The potential for reducing greenhouse gas emissions in the United States from two sectors: Light-duty vehicles and electricity generation

Document Type

Conference Proceeding


Mechanical Engineering

Conference Title

17th World Hydrogen Energy Conference 2008, WHEC 2008


Brisbane, Australia

Conference Dates

June 15-18, 2008

Date of Presentation



The development of hydrogen technologies for powering light duty vehicles and stationary electricity is primarily motivated by the problem of greenhouse gas (GHG) emissions. The time and cost of a transition to a hydrogen infrastructure cause some to look instead for more incremental changes to reduce emissions. This paper examines the potential for reducing GHG emissions by technological improvements, under the assumption that end-use activity continues to grow.
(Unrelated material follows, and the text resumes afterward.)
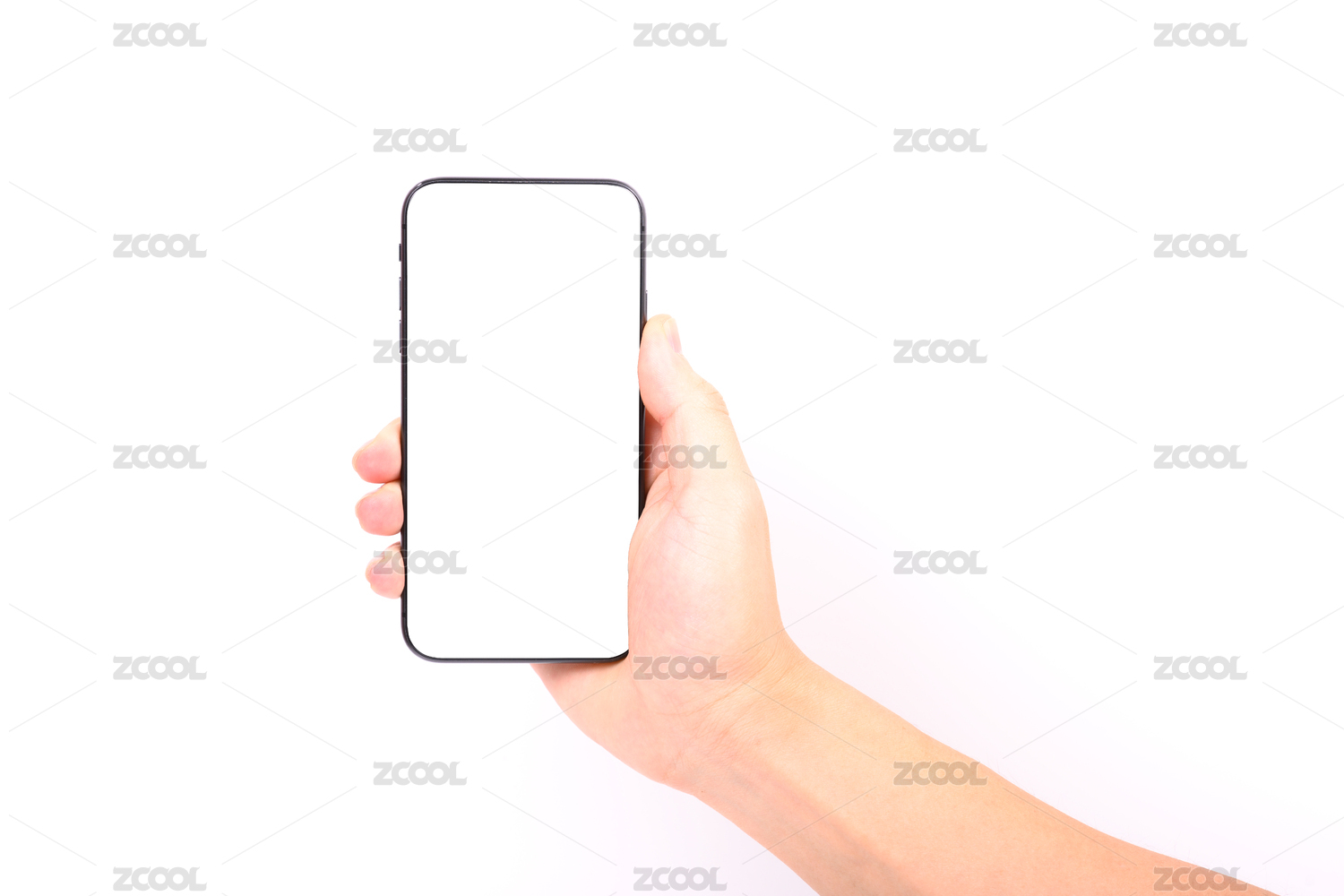 白色背景上一只手拿著空白手機(jī)

The scope is limited to two major energy sectors: light-duty vehicles (LDV) and electricity generation. These two sectors are natural targets for regulations on CO 2 emissions, because they already are regulated for pollutants, such as CO and NO x. In the United States, the LDV sector is also regulated with respect to fuel economy, with manufacturers required to sell fleets of cars and trucks that meet the Corporate Average Fuel Economy (CAFE) standards. This study looks at two of the "wedges" of the growth triangle that Pacala and Socolow (2004) suggested could be part of a GHG stabilization strategy. The scope is also limited to the US. While the US did not ratify the Kyoto treaty, which intended to limit emissions to 5% below 1990 levels, individual states are trying to establish mandates, and there is speculation that the US will limit GHG emissions in the future.